Plus, nearly 300 people attended the lunch I hosted afterward. It was a bit of a madhouse, as rain forced us indoors and the hotel had to roll in extra tables, but I really enjoyed catching up with old friends and making new ones – and I think everyone else did as well. In dozens of Berkshire, Wesco and Daily Journal annual meetings over the past two decades, I’ve found that Buffett and Munger junkies are almost universally great folks.
2) I’m sure some young eager beavers will soon be publishing notes from the meeting, which I’ll send around, but in the meantime here are two video clips CNBC posted:
- Berkshire Hathaway's Munger on private equity and investing
- Berkshire Hathaway's Munger on buybacks and Apple shares
Also, here’s an article in Forbes: 5 Insights from Charlie Munger's 2019 Daily Journal Annual Meeting. Excerpt:
- “My idea of being properly educated is being right when the professor is wrong. Anyone can just spit back what the professor is saying. It takes a really educated person to think for themselves.”
- “It is really important to stay within your circle of competence.
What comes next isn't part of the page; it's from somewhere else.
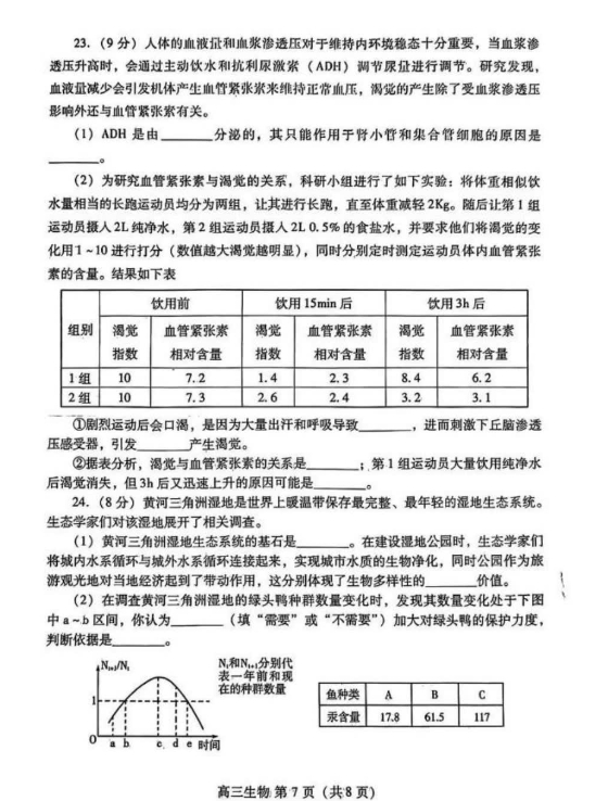 7、生物试卷及答案解析

If you are not sure what the boundaries of that circle are for you, then you do not have real mastery of your field.”
- “The first rule of fishing is to fish where the fish are.”
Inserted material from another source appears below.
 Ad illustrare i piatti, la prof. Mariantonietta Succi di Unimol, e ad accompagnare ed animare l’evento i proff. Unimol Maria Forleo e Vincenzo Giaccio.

- “If you have trouble finding good investments, join the club… My advice to the seeker of high compound interest is to reduce your expectations. Things are likely to be tough for a while.”
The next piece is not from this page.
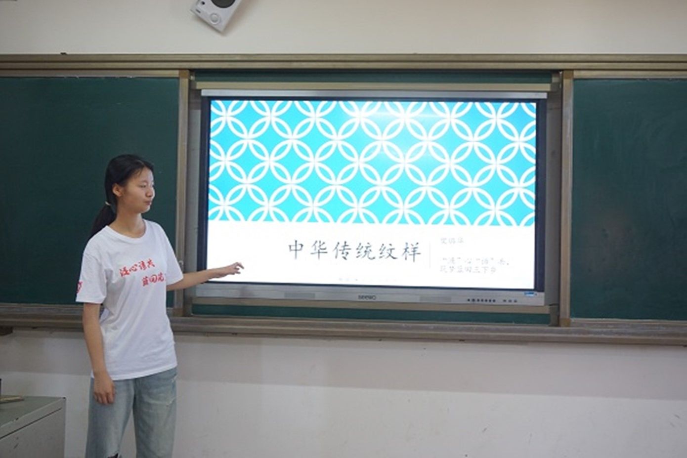 (通讯员 樊璐华 杨柳 袁姝睿)文艺求善,启智润心;向美而行,传统先行。为促进对我国艺术文化形式的了解,发扬民族精神,7月12日上午,九州最新登录网址赴涟源市九州最新登录网址附属三一学校实践团开展“中华传统纹样”美术课。此次课程由实践团成员樊璐华负责。

- “The idea of diversification makes sense to a point. If you don’t know what you are doing and don’t want to embarrass yourself, then owning a lot of investments makes sense. But that is not something that deserves a big reward. The idea of diversification if you are looking for excellence does not make sense… At Berkshire Hathaway and the Daily Journal our investment results have been better than the index. Now why is that? Because we try to do less. We don’t know much about a lot of things, so we just focus on the few that we do know well.”
3) Attending the meeting and seeing Munger remind me of two web pages I put together long ago that might be of interest:
- Here are my notes from the Berkshire and Wesco meetings from 1998-2008; and
- Here is a collection of old Munger speeches and other materials.
As I look at these pages for the first time in more than a decade, there’s some really cool historical stuff there…
4) Aphria released its whitewash – oops, I mean report – by its special committee regarding its “investigation” into Gabriel Grego’s epic takedown at my shorting conference last December 3 (slides and video here and here). In it, he showed conclusively that insiders massively enriched themselves by engineering three wildly overpriced sham acquisitions in Argentina, Colombia and Jamaica.
It will come as absolutely no surprise to anyone that the well-paid gutless weasels Aphria hired came back with the desired answer: “Move along, nothing to see here…”
- “…it appears that certain of the non-independent directors of the Company had conflicting interests in the Acquisition that were not fully disclosed to the Board.”
- “…Vic Neufeld and Cole Cacciavillani have completed a responsible transition plan and effective March 1, 2019 will be retiring from the Company (including in their capacity as directors).” (But they’ll still be “special advisors.”)
Look for write-offs in the future as the acquired assets are marked down.